I also find Shira interesting. I don't particularaly like the way she thinks (mahlka and Riva, again are awsome) She's so traditional and prudish, proper. To willingly go into a hughe faceless corporation, to let it suck out your soul and do as society tells you to? Just because your feelings were hurty, I find that incredible weak. especially comeing from somewhere as nice as Tikva. But she does transition in to somethign that must resemble her old self because she gets a little better. I think she's a really good contrast to Mahlka and Riva and most people in that era. She is more typical of women today and most could relate to her( I don't make friends with many girls easily, HA I just realived whyI didn't warm up to her as much). This is where the sex comes in.
Like many women today, sex is always desribed by psychologists as more an emotional thing for women and a bit more taboo in society's eyes. So wither her interactions with Yod, it not only compares with women of our time with the values of the slight future; but also a good look into human emotion and the formation of relationships and intimacy. Which is why sex is such a popular topic in these books we have been reading.
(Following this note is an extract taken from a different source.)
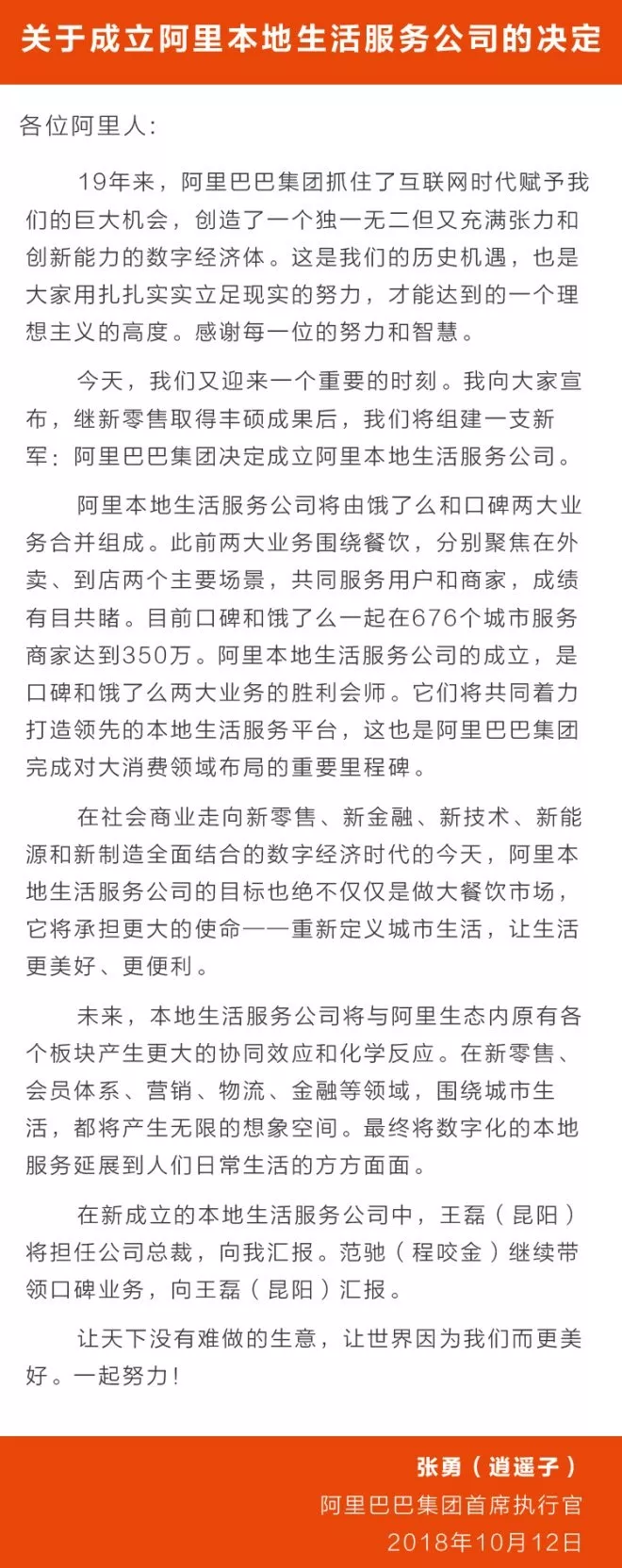 據(jù)悉,阿里巴巴集團(tuán)合伙人王磊(花名昆陽)將擔(dān)任阿里本地生活服務(wù)公司總裁,向阿里集團(tuán)CEO張勇匯報(bào),并兼任餓了么CEO;阿里巴巴集團(tuán)副總裁范馳(花名程咬金)將繼續(xù)帶領(lǐng)口碑業(yè)務(wù),向王磊匯報(bào)。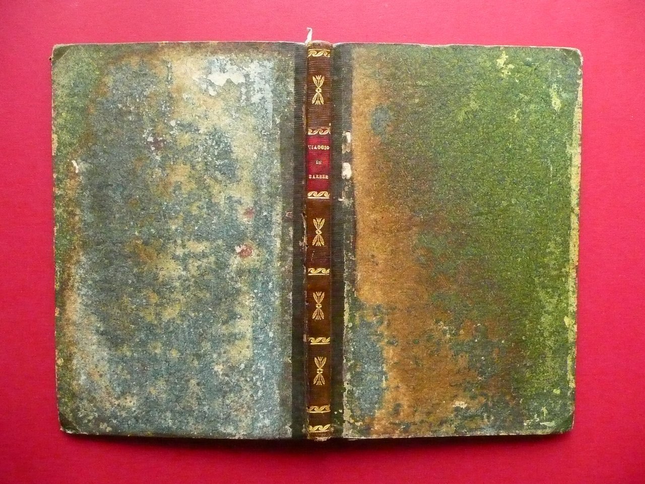 Ragguaglio del viaggio compendioso di un dilettante antiquario sorpreso da' corsari condotto in Barberia e felicemente rimpatriato a Luigi Settala parte I Sonzogno, Milano 1805; cm 21x14; pp. 140; legatura in mezza pelle ed. con titolo e fregi impressi in oro al dorso. Prima bianca con nome del precedente proprietario. Condizioni di conservazione Esemplare in buono stato con tracce d'uso, coperta con alcune piccole mancanze e abrasioni prevalentemente ai piatti; ombra di gora di vecchia umidità che interessa la totalità dell'esemplare, ma che non compromette la lettura del testo (vedi foto). Mancanza del ritratto in antiporta. Solo prima parte. Mancanza del ritratto in antiporta. SETT197.L19034 N

Many poeple reguard being human with feeling emotion and empathy that sets them apart form machines. Sex is one of those basic human instincs that involves such complicated emotions.
I'm tired so this might sound too simple and really hard to read because my brain works wierd like this, so I hope you can get what I'm getting at despite the aukward typing..okay....Even though there is only one society that Yod can try to fit into, like Joseph, he is not human, but that's okay. I know that this class is about humanity and what it means to be human, but people get so stuck on catogorization and what fits in that definition. How about what makes you YOU, if you cannot be defined by human. Perhaps they can't feel emotions and things like we can, but somethgn comparable to it, like Yod mentions quite often. Doesn't mean he is anyless a person, just different. Perhaps he is more than human or just in it's own filum. Transending humans or being another category altogether doesn't mean they are lower then us as we liked to think. Things people cannot understand, they fear or act hostile towards (ask any hermaphidite, transgendered person, or others that do not a fit a category or label). Just like in the novel, humaniod cyborgs, androids, robots were feared, rioted over, much violence ensued, and then outlawed because of that fear of the unknown, that labeling that must occur and cmplete understanding.
I also noticed a unch of other stuff by looking at the kabbalah chart, but I think Anthony is going to explain more on that ^_^

and screw spell check, I'm tired blah.